> _DIRECTIONS_
In this exercise, write out the data word for word and leave every image out.

> _DATA FOR ANALYSIS_
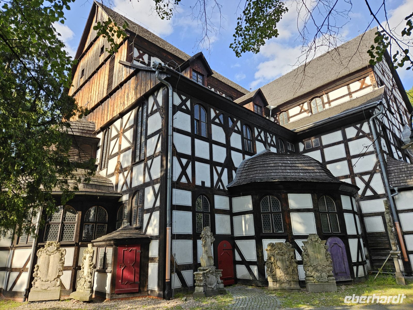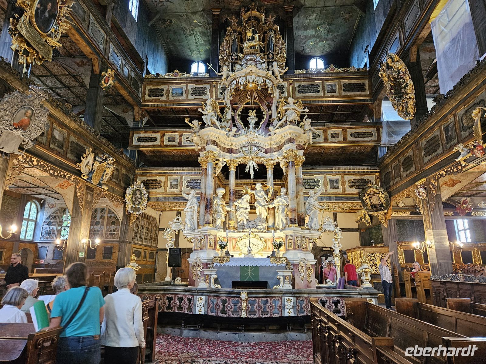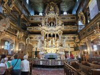 Als letzte Besichtigung heute stand die Friedenskirche Schweidnitz auf dem Programm. Ab 1526 wurde Schlesien 200 Jahre lang von den Habsburgern regiert. Zu diesem Zeitpunkt waren 90 % bereits zum evangelischen Glauben übergetreten. Die Habsburger versuchten die Schlesier zu rekatholisieren -machten aber auch Zugeständnisse und den Schlesiern wurden drei evangelische Kirchen zugestanden: in Glogau, Jauer und Schweidnitz.
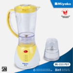 This blender Miyako BL-211 PLY with a combination of futuristic white and yellow has ICE CRUSHER features that can destroy ice cubes without using water though. The blade is made of 304 stainless steel material that is anti-rust, durable and more hygienic. The Miyako BL-211 PLY Blender tube material is made of Acrylonitrile Styrene which is a plastic material that has been Food Grade so it is not harmful if it comes into contact with human consumption materials.
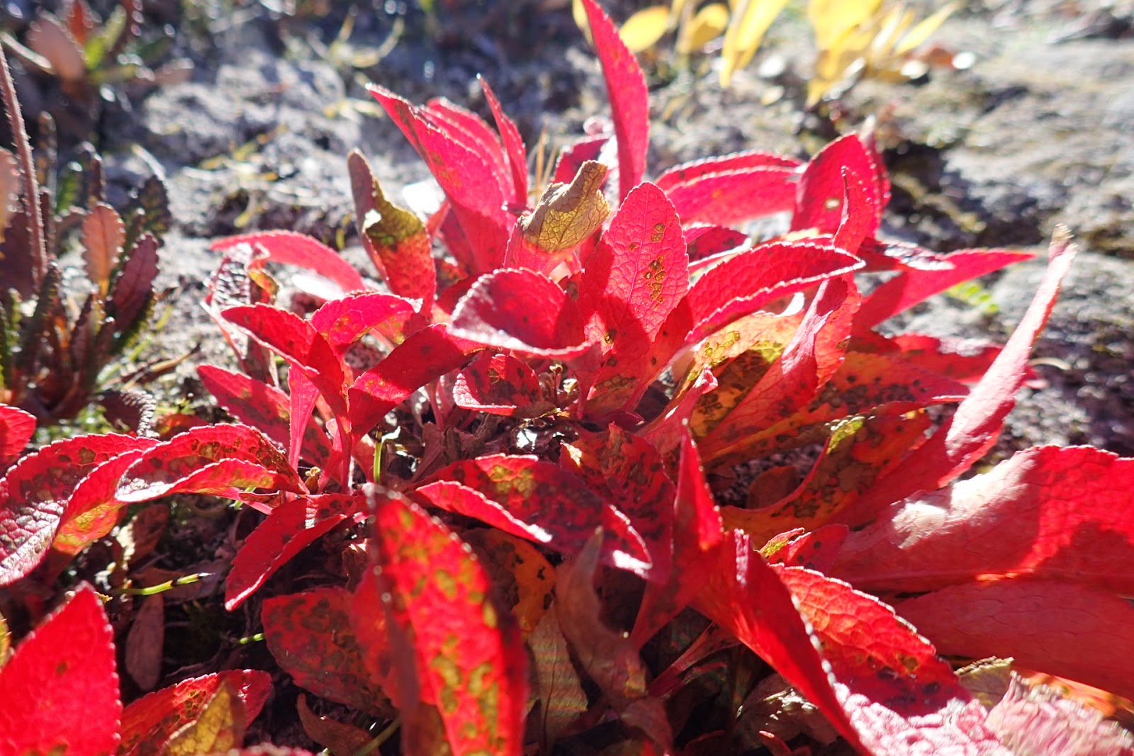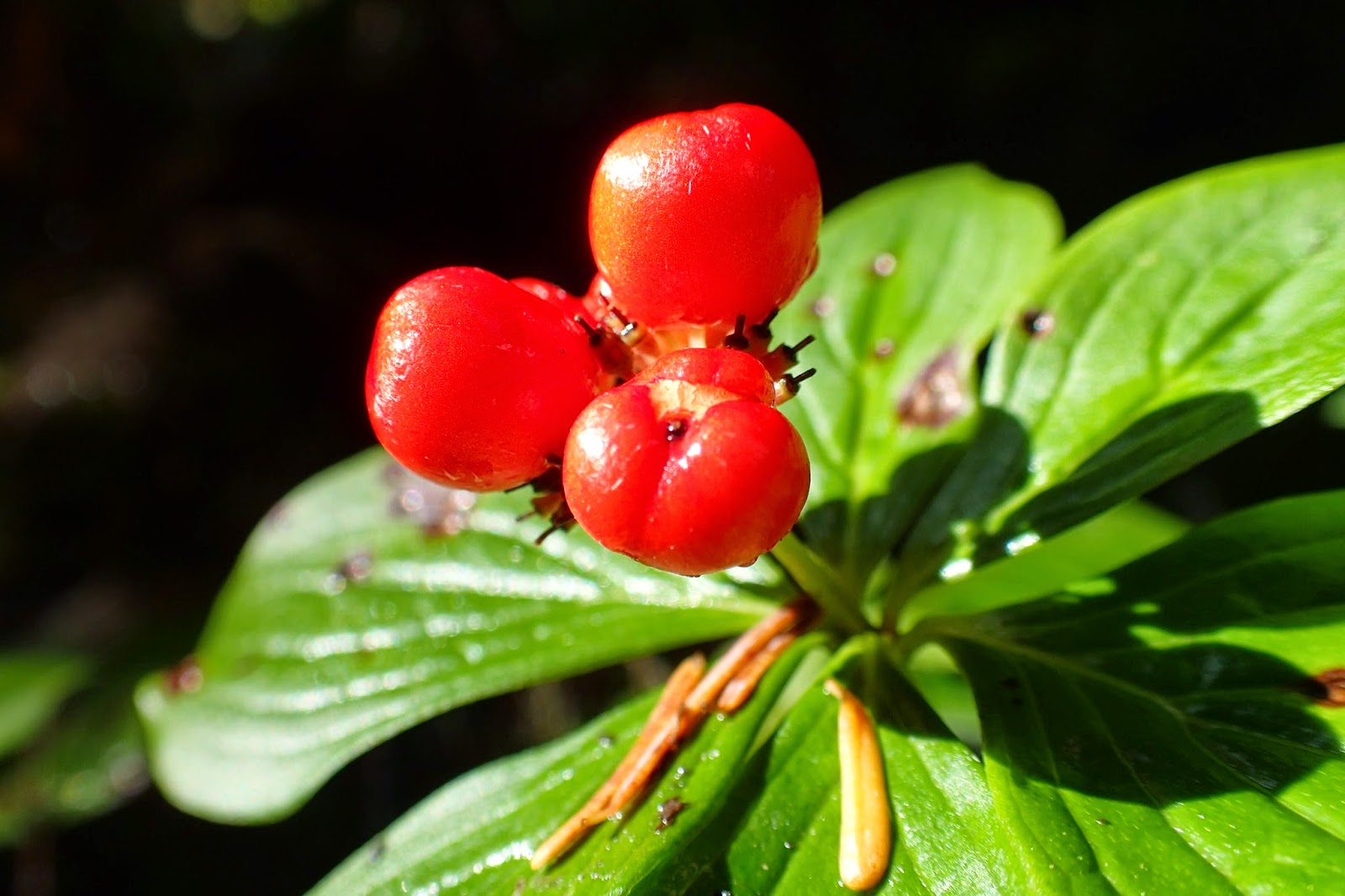 楽しく歩きながら、キニーレイクヘ。赤くなったゴゼンタチバナがキレイ。
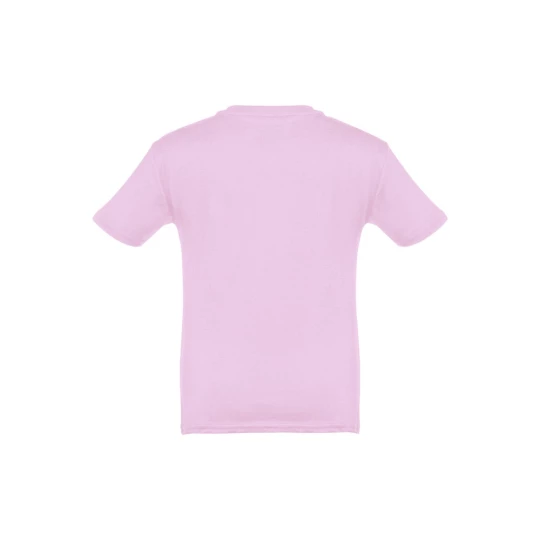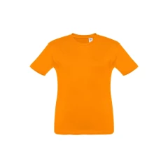 T-shirt dziecięcy (unisex) ze 100% bawełnianego dżerseju zgrzebnego (150 g/m²). Posiada 1x1 prążkowany kołnierzyk ze wzmacniającą tasiemką dżersejową. Zszywany po bokach, z podwójnym ściegiem na rękawach i na dole. Rozmiary: 2, 4, 6, 8, 10, 12
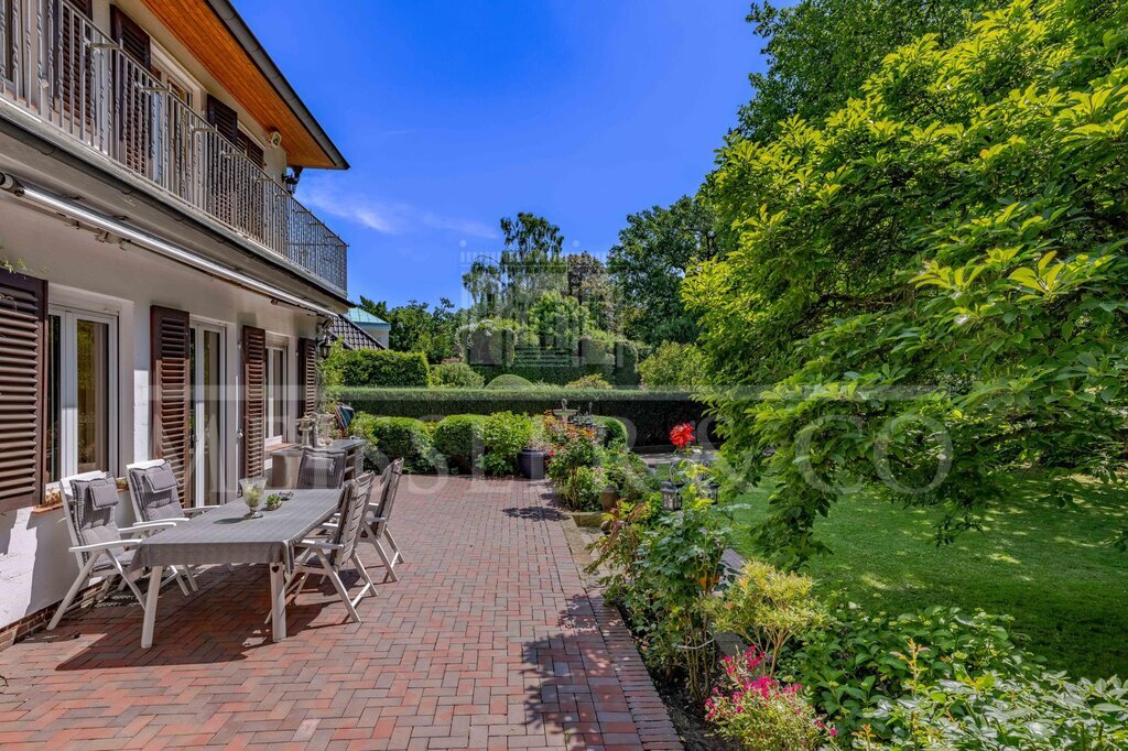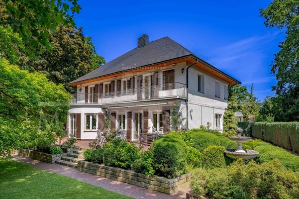 Diese beeindruckende Villa aus dem Jahr 1931 bietet ein einzigartiges Wohnambiente direkt am Ufer eines privaten Sees. Eingebettet in einen prachtvollen, parkähnlichen Garten mit altem Baumbestand auf ca. 2.941 m² Fläche vereint dieses Anwesen Schönheit, Luxus und Privatsphäre auf höchstem Niveau. Zu der Villa gehört ein idyllischer See, der den privaten Park vervollständigt.

> _OUTPUT BELOW_
 Als letzte Besichtigung heute stand die Friedenskirche Schweidnitz auf dem Programm. Ab 1526 wurde Schlesien 200 Jahre lang von den Habsburgern regiert. Zu diesem Zeitpunkt waren 90 % bereits zum evangelischen Glauben übergetreten. Die Habsburger versuchten die Schlesier zu rekatholisieren -machten aber auch Zugeständnisse und den Schlesiern wurden drei evangelische Kirchen zugestanden: in Glogau, Jauer und Schweidnitz.
 This blender Miyako BL-211 PLY with a combination of futuristic white and yellow has ICE CRUSHER features that can destroy ice cubes without using water though. The blade is made of 304 stainless steel material that is anti-rust, durable and more hygienic. The Miyako BL-211 PLY Blender tube material is made of Acrylonitrile Styrene which is a plastic material that has been Food Grade so it is not harmful if it comes into contact with human consumption materials.
 楽しく歩きながら、キニーレイクヘ。赤くなったゴゼンタチバナがキレイ。
 T-shirt dziecięcy (unisex) ze 100% bawełnianego dżerseju zgrzebnego (150 g/m²). Posiada 1x1 prążkowany kołnierzyk ze wzmacniającą tasiemką dżersejową. Zszywany po bokach, z podwójnym ściegiem na rękawach i na dole. Rozmiary: 2, 4, 6, 8, 10, 12
 Diese beeindruckende Villa aus dem Jahr 1931 bietet ein einzigartiges Wohnambiente direkt am Ufer eines privaten Sees. Eingebettet in einen prachtvollen, parkähnlichen Garten mit altem Baumbestand auf ca. 2.941 m² Fläche vereint dieses Anwesen Schönheit, Luxus und Privatsphäre auf höchstem Niveau. Zu der Villa gehört ein idyllischer See, der den privaten Park vervollständigt.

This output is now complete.